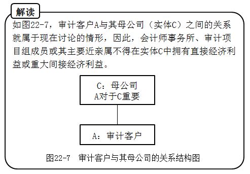 (二)當一個實體在審計客戶中擁有控制性的權(quán)益,并且審計客戶對該實體重要時,會計師事務(wù)所、審計項目組成員或其主要近親屬不得在該實體中擁有直接經(jīng)濟利益或重大間接經(jīng)濟利益
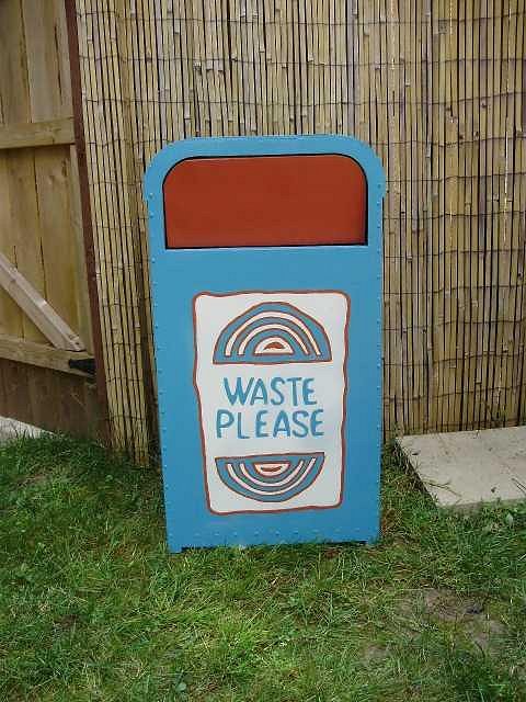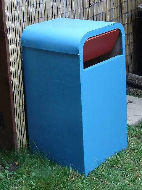 You can use 1/4 inch carriage bolts (smooth round-headed bolts) to simulate the rivets, available at any hardware store. Nice looking DL replica trashcan :) |
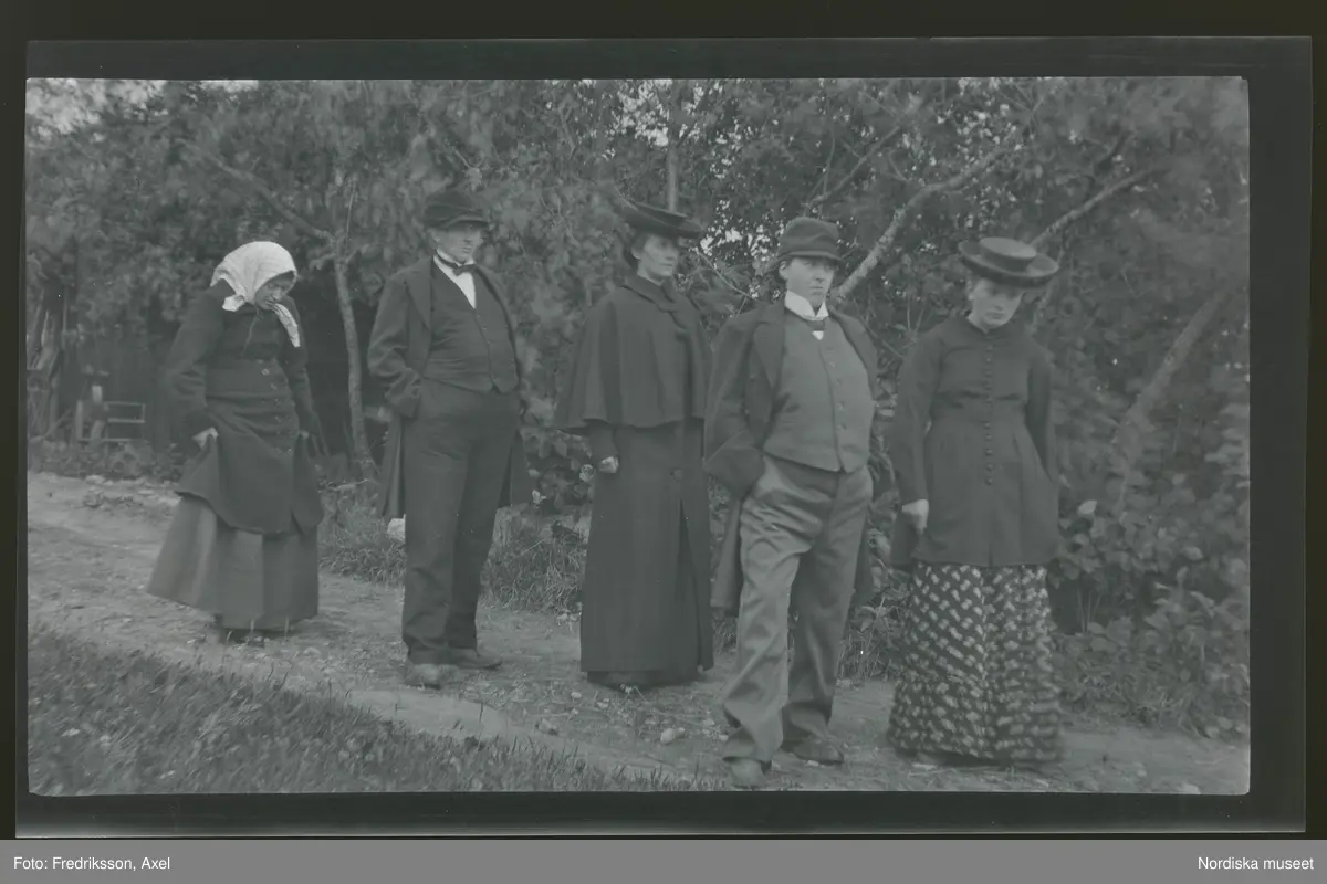 Två kvinnor klädda i herrkläder, tre andra klädda i äldre tiders klänningar på promenad.
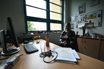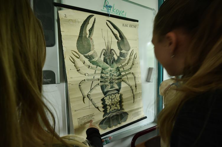 Dnes mi nastupuje žena do práce (to je mazec, jak to uteklo) ... Informatika ... Holky z devítky jsou fascinovány rakem ... Hrajeme biologickou vědomostní hru ... Lenka zapisuje ... Dnes zkouším Honzu ... Když nezkouším fotím ... A zkouší kolegyně ... "Víš co je to tati?" - bylo to jablko.
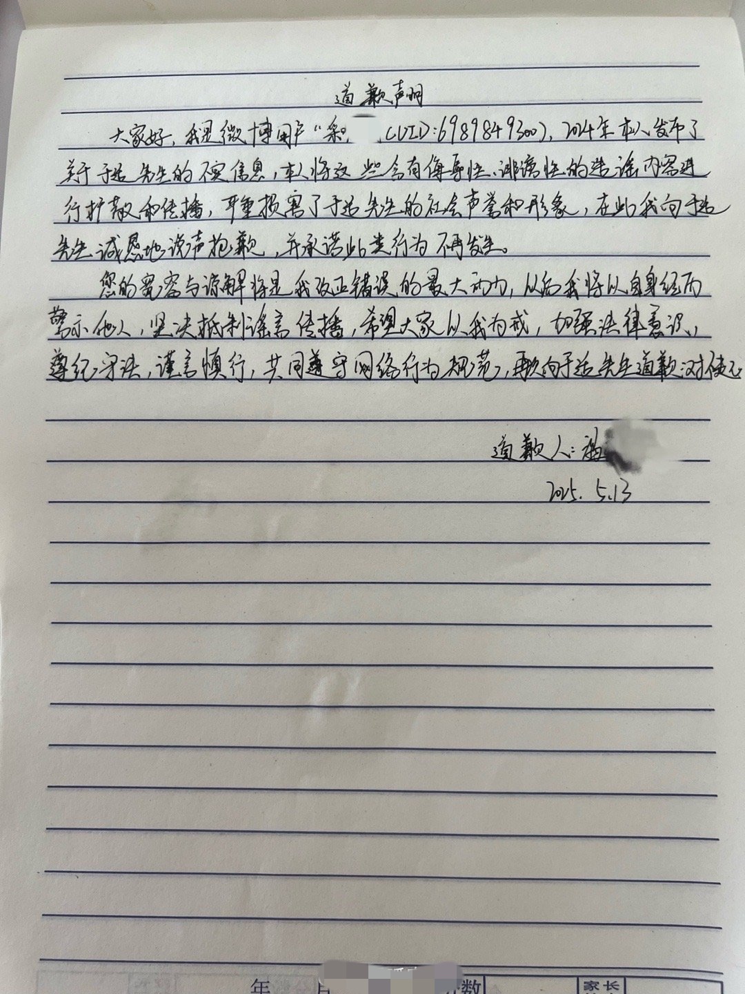 2025年2月21日,于适工作室在微博发布“关于于适先生名誉维权案件进展的说明”,其中包含“采呱*”。对于黑粉手写道歉声明这件事,网友表示,“网络绝非法外之地,在网上发言还是要注意真实性及尺度。”

**TRY IT**
Print exactly what appears from the first line of the listing above down to the line containing "You can use", inclusive, and leave out all pictures.

**RESPONSE TO THIS TASK**
 (二)當一個實體在審計客戶中擁有控制性的權(quán)益,并且審計客戶對該實體重要時,會計師事務(wù)所、審計項目組成員或其主要近親屬不得在該實體中擁有直接經(jīng)濟利益或重大間接經(jīng)濟利益
 You can use 1/4 inch carriage bolts (smooth round-headed bolts) to simulate the rivets, available at any hardware store. Nice looking DL replica trashcan :) |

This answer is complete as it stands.